Aim of the task
Repeat the listing below verbatim, without its images.

┌─ Given material

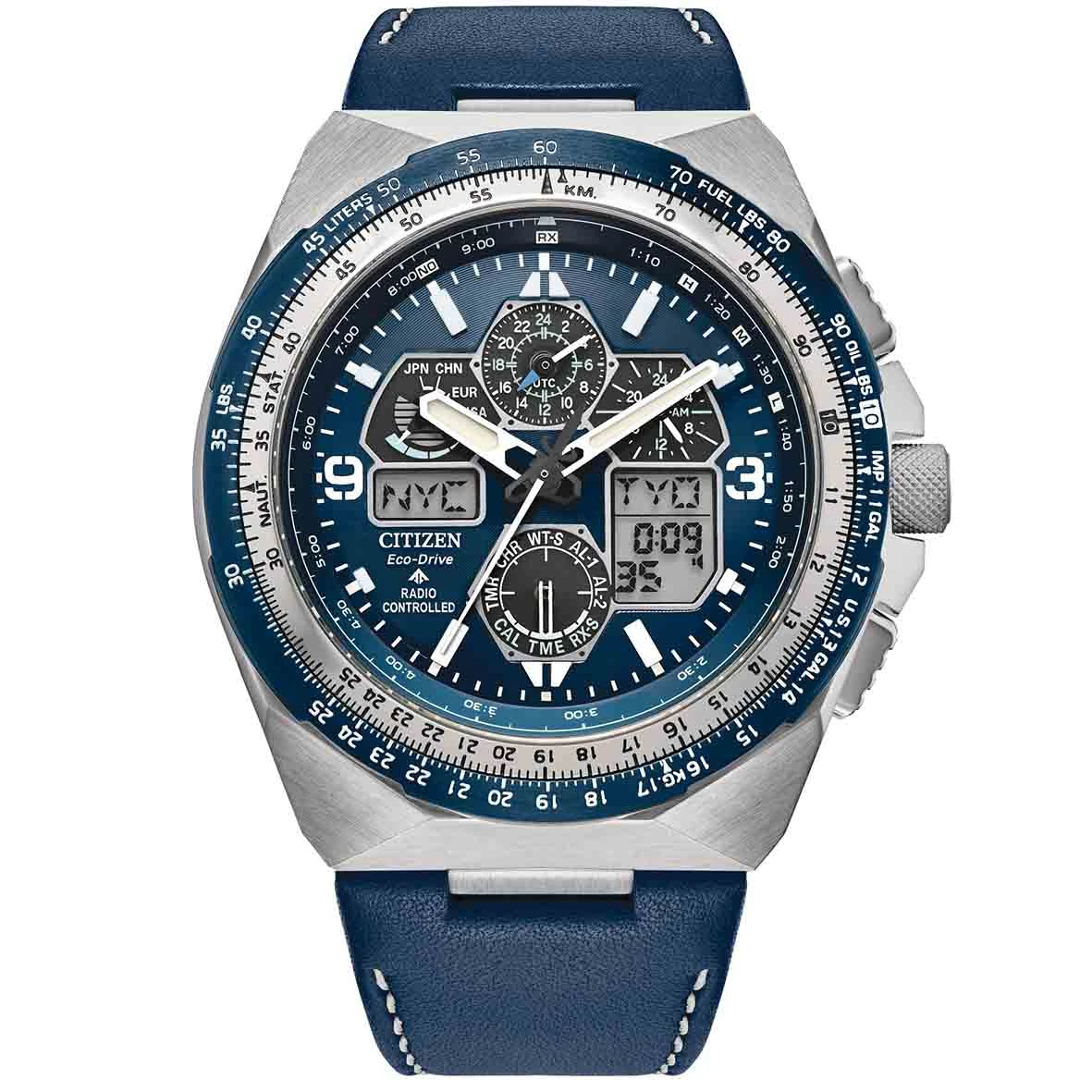 De la collection Promaster Sky de Citizen, cette montre radio-pilotĂ©e est la montre parfaite pour les voyageurs frĂ©quents et les jet-setters.Â
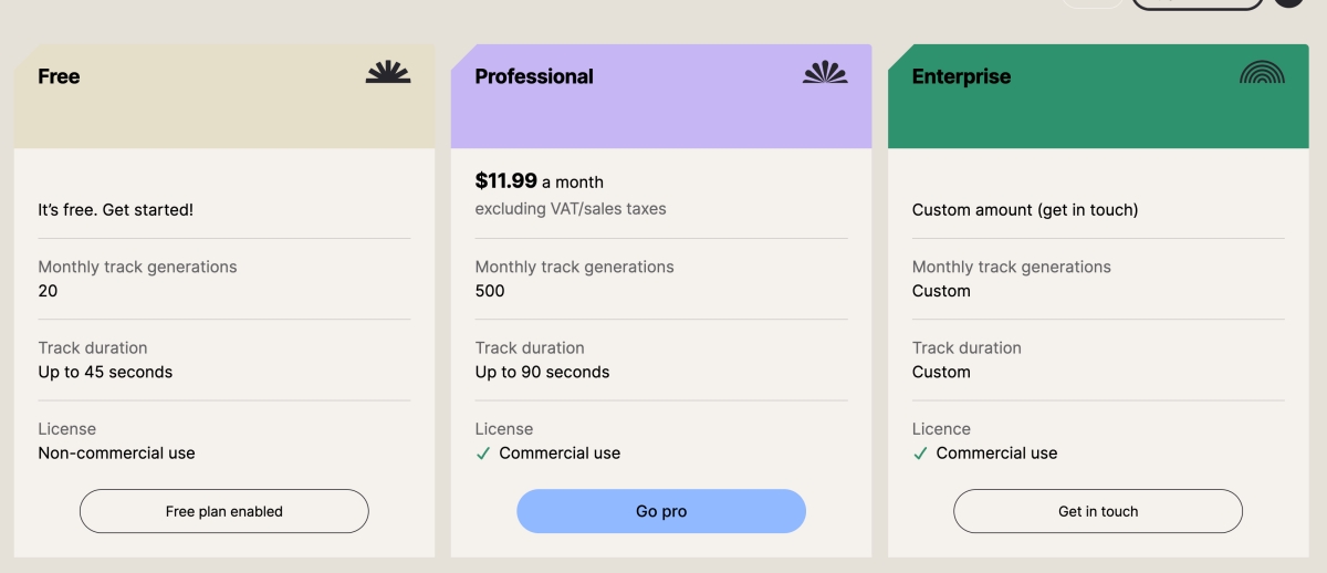 目前一共有三種方案可以使用,免費/專業跟企業,最大差異就是免費的僅限個人使用,不能用於商業用途,而專業跟企業就差在秒數跟可產生的的音樂數量。
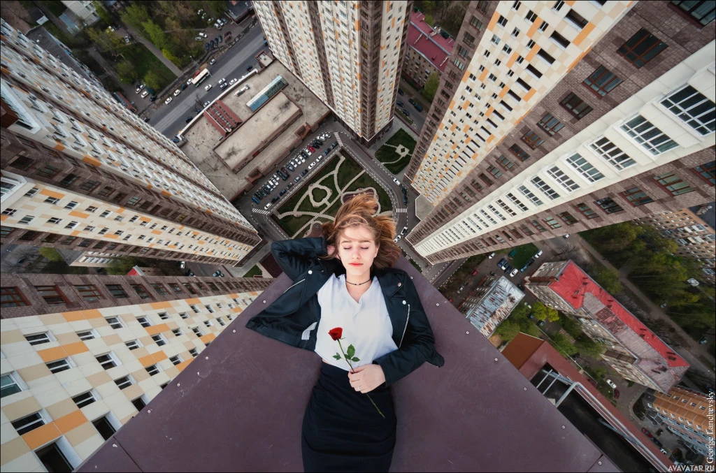 The image shows a person lying on their back on a rooftop, looking up at the sky. They are holding a rose in one hand. In the background, there is a cityscape with numerous high-

└─

Expected output
 De la collection Promaster Sky de Citizen, cette montre radio-pilotĂ©e est la montre parfaite pour les voyageurs frĂ©quents et les jet-setters.Â
 目前一共有三種方案可以使用,免費/專業跟企業,最大差異就是免費的僅限個人使用,不能用於商業用途,而專業跟企業就差在秒數跟可產生的的音樂數量。
 The image shows a person lying on their back on a rooftop, looking up at the sky. They are holding a rose in one hand. In the background, there is a cityscape with numerous high-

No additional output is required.